- Brief
In the listing below, the lines starting with the line with "秋季 新款 真皮经典 软底德比鞋 HLA 透气增高商务皮鞋 海澜之家男鞋" and going on through the line with "1月2日,消防员和警察在美国" are to be reproduced exactly, and only those.

- Supplied information
========================
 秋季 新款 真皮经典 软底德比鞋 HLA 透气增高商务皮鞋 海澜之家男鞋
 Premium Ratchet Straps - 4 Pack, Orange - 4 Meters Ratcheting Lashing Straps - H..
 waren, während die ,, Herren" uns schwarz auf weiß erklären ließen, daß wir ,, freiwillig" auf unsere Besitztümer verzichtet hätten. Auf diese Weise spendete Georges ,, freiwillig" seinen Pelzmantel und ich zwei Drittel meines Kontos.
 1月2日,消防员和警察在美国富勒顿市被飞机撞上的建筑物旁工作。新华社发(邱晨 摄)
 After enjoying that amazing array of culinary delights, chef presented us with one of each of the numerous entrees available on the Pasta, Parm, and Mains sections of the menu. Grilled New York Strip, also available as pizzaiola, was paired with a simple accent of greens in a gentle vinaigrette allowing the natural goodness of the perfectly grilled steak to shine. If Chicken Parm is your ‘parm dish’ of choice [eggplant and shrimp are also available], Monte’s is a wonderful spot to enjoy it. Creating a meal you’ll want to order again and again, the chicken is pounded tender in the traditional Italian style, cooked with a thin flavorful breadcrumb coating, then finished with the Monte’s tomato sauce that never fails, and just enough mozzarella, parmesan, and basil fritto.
========================
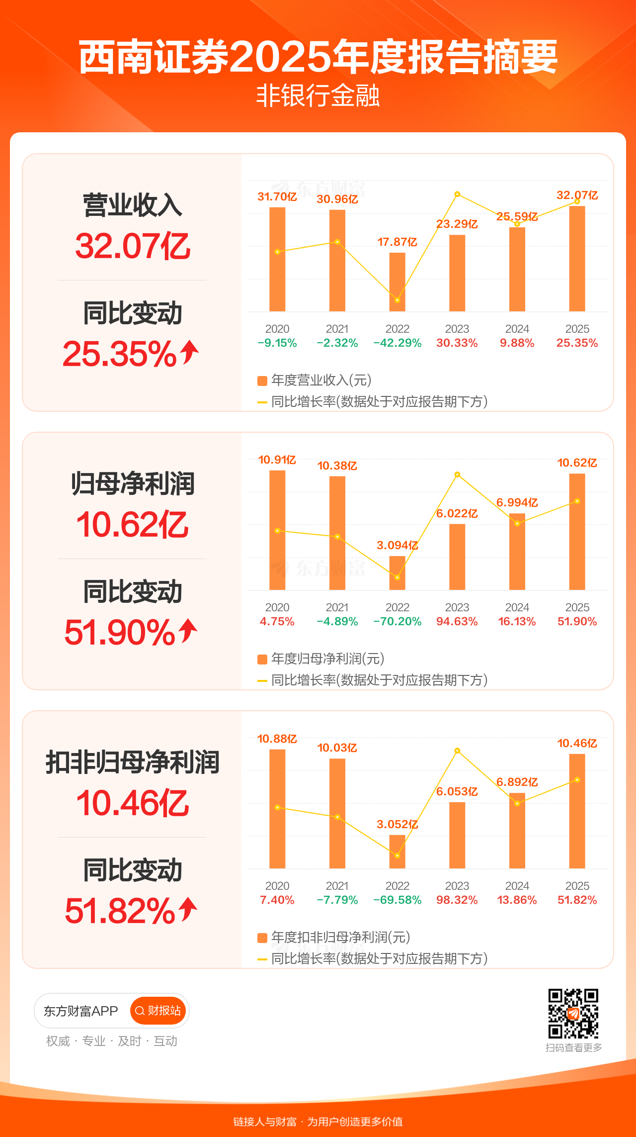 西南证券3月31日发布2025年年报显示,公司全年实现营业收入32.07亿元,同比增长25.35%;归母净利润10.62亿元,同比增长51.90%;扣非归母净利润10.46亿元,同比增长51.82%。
========================
- Problem solution
 秋季 新款 真皮经典 软底德比鞋 HLA 透气增高商务皮鞋 海澜之家男鞋
 Premium Ratchet Straps - 4 Pack, Orange - 4 Meters Ratcheting Lashing Straps - H..
 waren, während die ,, Herren" uns schwarz auf weiß erklären ließen, daß wir ,, freiwillig" auf unsere Besitztümer verzichtet hätten. Auf diese Weise spendete Georges ,, freiwillig" seinen Pelzmantel und ich zwei Drittel meines Kontos.
 1月2日,消防员和警察在美国富勒顿市被飞机撞上的建筑物旁工作。新华社发(邱晨 摄)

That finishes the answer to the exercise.